3GNY Events - Shabbat Dinner

3GNY Winter Shabbat Dinner

GotfrydDecember 4, 2009
92YTribeca

Thanks to all members and supporters of 3GNY for joining us at what was a moving Shabbat dinner. Guest speaker and Holocaust survivor Bernard Gotfryd shared his story.

Mr. Gotfryd was born in Radom, Poland, and became interested in photography at an early age. When World War II broke out and schools were closed to Jewish students, Gotfryd found work as an apprentice in a photography studio. While working in the studio, he began aiding the Polish underground by passing on photographs taken by Nazi officers of war atrocities. After an unsuccessful escape attempt in October 1943, Gotfryd was apprehended and shipped to Maidanek. By the war’s end, Gotfryd had survived six concentration camps.

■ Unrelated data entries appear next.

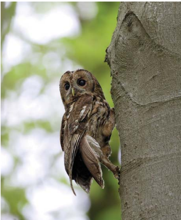
Bosuil - Jan van der Greef

En ja, daar was de uil dan; iedere dag. Hij vloog altijd weg als we de loods ingingen, maar erg schuw was hij niet. Een paar keer is hij bovenop de nestkast blijven zitten, zodat we hem goed konden bekijken. Het was een bosuil . Wat een mooie vogel, wij noemden hem Hibou (Frans voor uil).
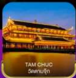
TAM CHUC วัดตามจิก
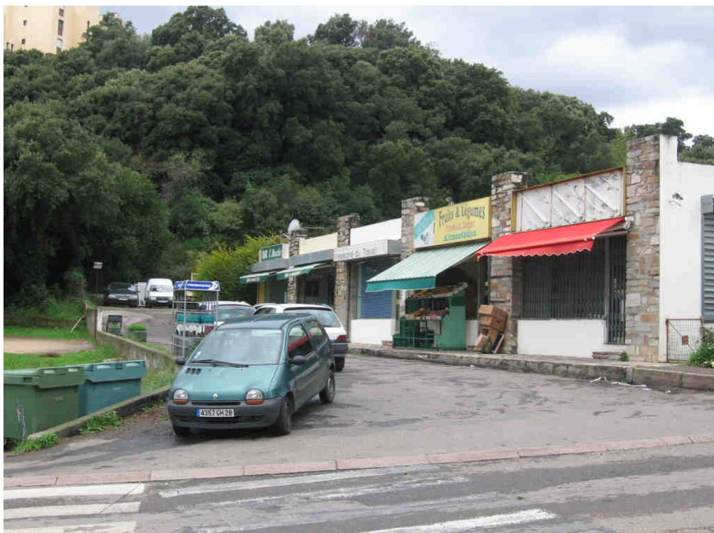
Rue Jean-Pierre Gaffory (Polarité 4)
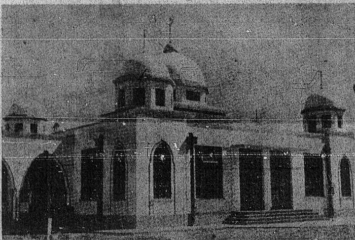
مسجد یغ انده این ایاله مسجد بندر "سریا" برونی، یقتله ددریکن اوله شریکه مییق سبکي فرسمباهن کفد سلطان برونی.

بتول، عالم علماء اد اختلاف تنغ یغ مان له افضل، سمهییغ دفادغ اتو دمسجد امام مالک مغانن سمهییغ دفادغ له افضل کران برفندو کفد فربواتن نبی یغ سننیاس مخرچاکن سمهییغ عید دفادغ، منکل امام شافعی دانلایتن، مغانن له افضل سمهییغ دمسجد، کران ای ممدغ حکمتن ایاله برکتوغ کفد لواس دان سمقین سبواه مسجد، کالو مسجد سبواه
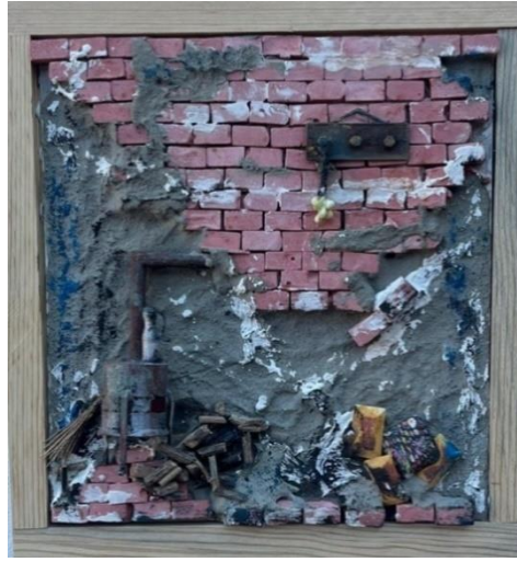
Resim 5: “Yadigâr” 30X30 cm, 2022

(Resim 5) Yaşanmışlıkların izini taşıyan yaşayanların bırakıp gittiği bazılarının müzelerde bazılarının terkedilmiş alanlarda bıraktığı eşyalar ve bu eşyaların geride kalanlarda bıraktığı izleri konu edinir. Bireysel hafızaya kazınan fotoğraflar bir nevi kültür aktarımı misyonu ile geçmiş yaşamlara tanıklık eden nesnelere ve mekânlar diorama tekniği ile yeniden üretilir.

In 1947, Mr. Gotfryd emigrated to the United States, where he worked as a photographer and studied photojournalism. After being drafted into the U.S. Army in 1949 and going through basic training, Mr. Gotfryd was assigned to the Signal Corps as a combat photographer. In 1952, he married his wife, Gina. They settled in Forest Hills, Queens, where they raised two children, Howard and Eva.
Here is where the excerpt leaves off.